Между этими двумя взаимосвязанными, но отличными друг от друга вопросами произошел определенный сдвиг. Есть что-то вроде семейного сходства между попытками улучшить теории под влиянием методологии и попытками установить, не имеет ли сам объект определенного оптимального устройства под влиянием материала исследования. К примеру, если вы пытаетесь разработать теорию автомобиля, а он не работает, сконструирован из рук вон плохо, ломается, как, скажем, та старая машина, что у вас была в Амхерсте: вот если бы вы хотели разработать теорию этой машины, вы бы все равно попытались сделать теорию как можно лучше. Я имею в виду, что объект у вас, может быть, никуда не годится, но теорию вы все равно хотите сделать как можно лучше. Итак, на самом деле есть два отдельных вопроса, похожих, но отдельных. Один вопрос: давайте делать теории так хорошо, как только сможем, каким бы ни был их объект — снежинка, ваша машина в Амхерсте, мало ли что может быть... А другой вопрос: есть ли такой смысл, при котором устройство является оптимальным? Не является ли оно наилучшим решением для некоторого набора условий, которым оно должно удовлетворять? Это немного другие вопросы, и произошел определенный сдвиг от первого вопроса, который всегда уместен (давайте сконструируем наилучшую теорию), ко второму вопросу: а не обладает ли та вещь, что мы изучаем, в некотором роде оптимальным характером? В то время это не было ясно: такие вещи по большей части становятся ясны ретроспективно. А может быть, занимаясь научными исследованиями, вообще только позже начинаешь понимать, чем ты занимался: сначала ты это делаешь, а потом, если повезет, понимаешь, что ты пытался сделать, и через годы эти вопросы проясняются. Вот сейчас достигаешь определенного уровня понимания, а через пять лет будешь смотреть на эти вещи по-другому.

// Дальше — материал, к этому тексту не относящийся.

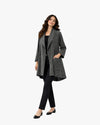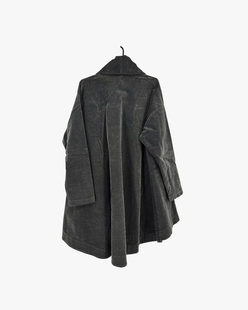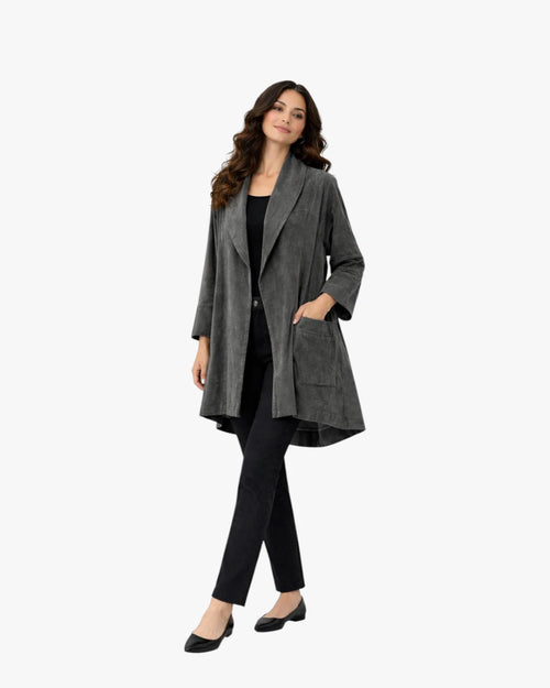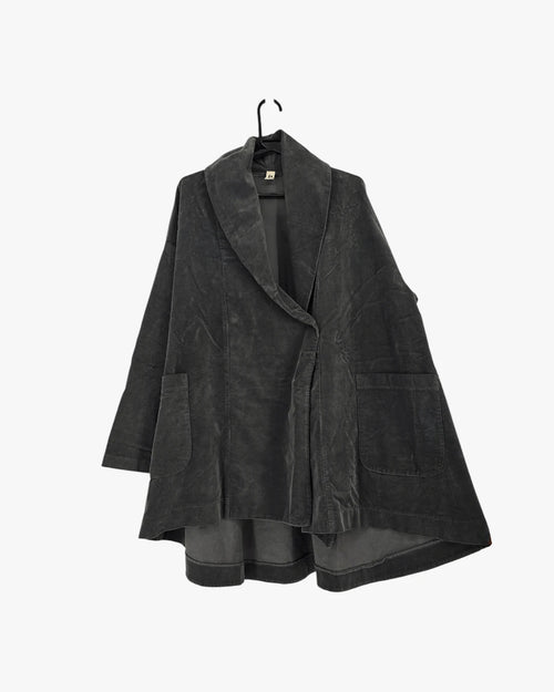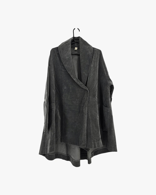 A fluid jacket with an artistic drape and contemporary edge. Perfect for layered, modern styling. Fits sizes Medium & Large.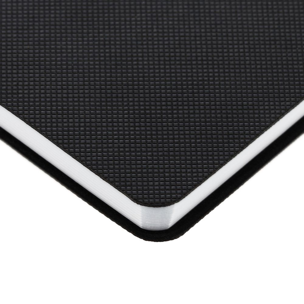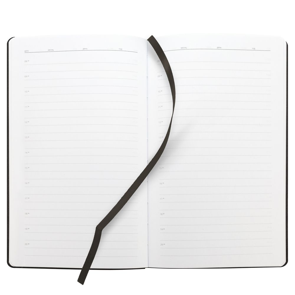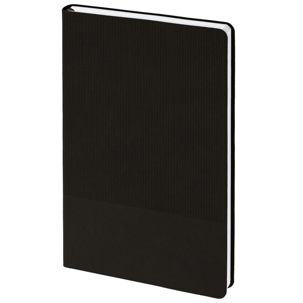 Ежедневник с гибкой обложкой, выполнен из материала Canyon, черный АА, дополнен ляссе в цвет обложки. Блинтовое тиснение на обложке создает эффект вязаного полотна.Блок 953, без календарной сетки и информационного блока:Кол-во страниц — 192;Бумага — белая, плотность 70 г/м?;Форзац и нахзац — белые.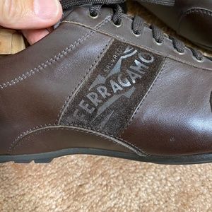 Salvatore Ferragamo 9.5 EE brown leather casual sneaker shoes Italy

АБ и ЛР: К следующему вопросу, в котором речь будет идти о различии между методологическим минимализмом и тезисом о существе вопроса, вы уже обращались. И все-таки давайте об этом моменте поговорим поподробнее, поскольку вам, наверное, захочется что-то добавить. Минималистская программа содержит в себе методологические допущения, которые в основном сходны с методом постгалилеевских естественных наук, с тем, что иногда называют «галилеевским стилем»; и еще шире — некоторые из такого рода допущений являются общими для человеческого рационального научного поиска в целом (бритва Оккама, минимизация аппарата, стремление к симметрии и изяществу и пр.). Но сверх того, кажется, есть еще и некий тезис по существу дела, тезис о природе естественных языков. В чем же заключается этот тезис? Как связаны между собой минимализм методологический и минимализм содержательный?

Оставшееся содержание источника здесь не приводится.